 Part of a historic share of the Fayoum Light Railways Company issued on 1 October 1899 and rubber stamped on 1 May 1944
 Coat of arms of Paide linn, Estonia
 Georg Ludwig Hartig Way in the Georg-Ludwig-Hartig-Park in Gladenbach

---

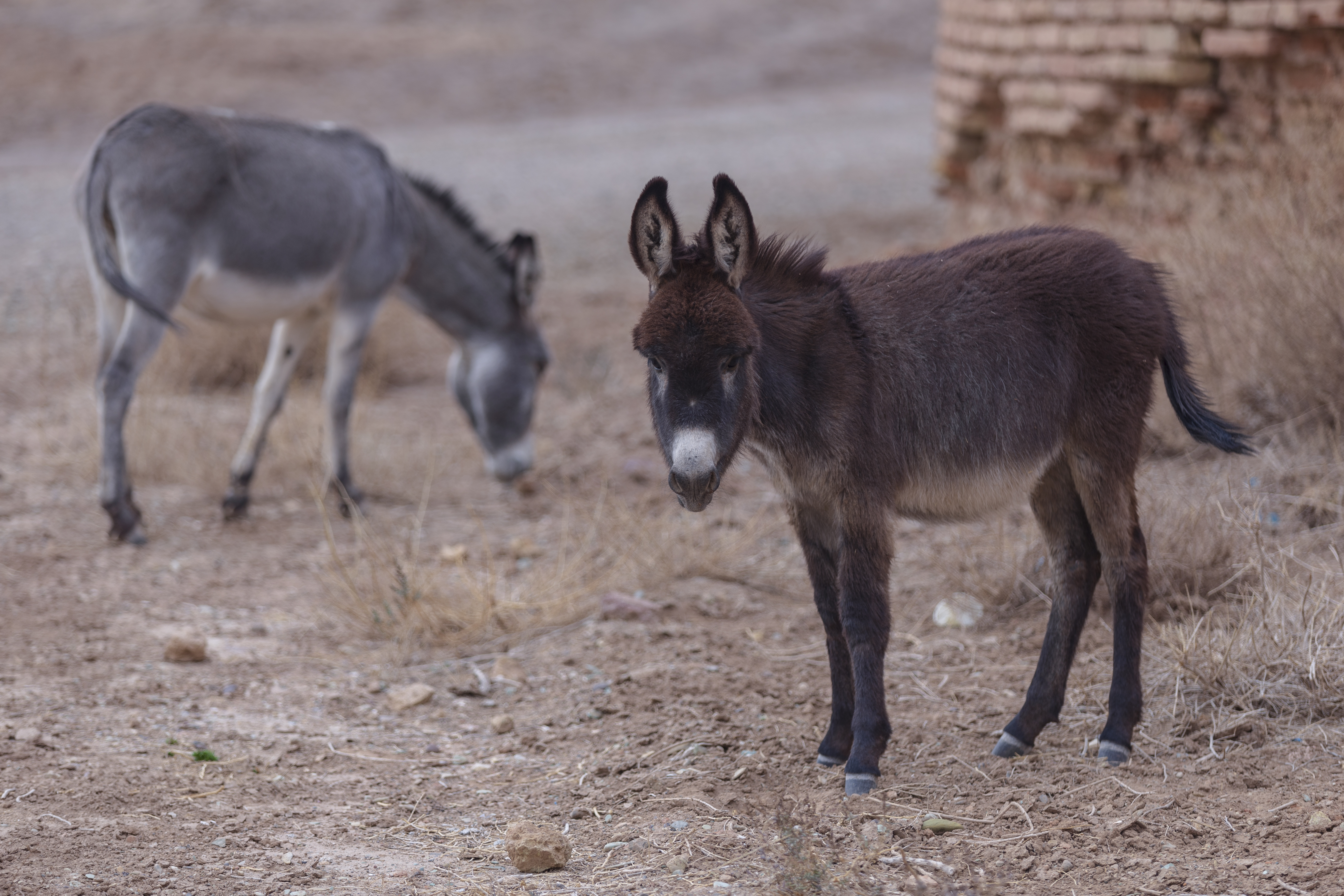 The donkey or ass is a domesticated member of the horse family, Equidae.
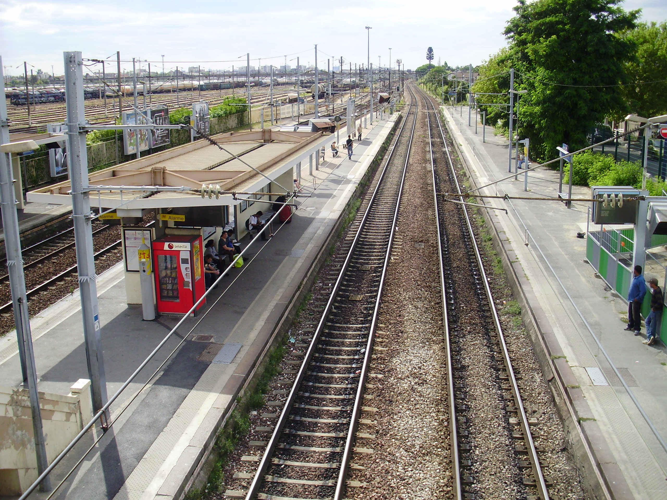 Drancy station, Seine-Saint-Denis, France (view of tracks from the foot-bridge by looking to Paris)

--

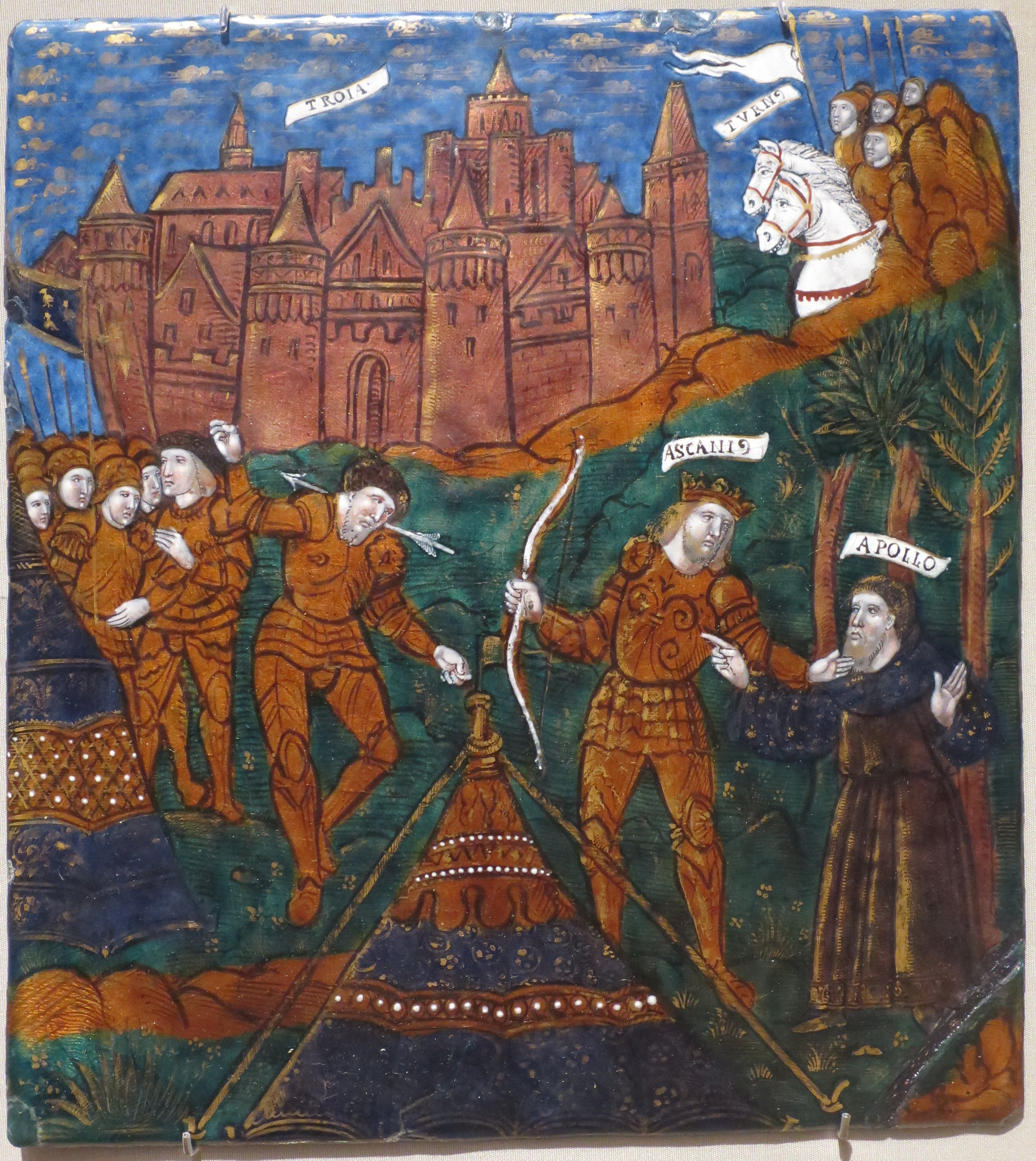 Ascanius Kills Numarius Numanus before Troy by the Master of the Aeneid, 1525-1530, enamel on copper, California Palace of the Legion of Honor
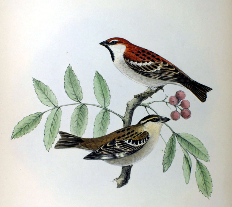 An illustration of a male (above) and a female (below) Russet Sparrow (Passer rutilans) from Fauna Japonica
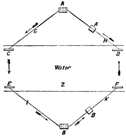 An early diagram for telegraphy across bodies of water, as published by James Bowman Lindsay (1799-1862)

ABOUT THIS EXERCISE:
Beginning with the line containing "Part of a historic" and ending with the line containing "Georg Ludwig Hartig", extract those lines exactly from the listing above, and only those.

SOLUTION TO THIS EXERCISE:
 Part of a historic share of the Fayoum Light Railways Company issued on 1 October 1899 and rubber stamped on 1 May 1944
 Coat of arms of Paide linn, Estonia
 Georg Ludwig Hartig Way in the Georg-Ludwig-Hartig-Park in Gladenbach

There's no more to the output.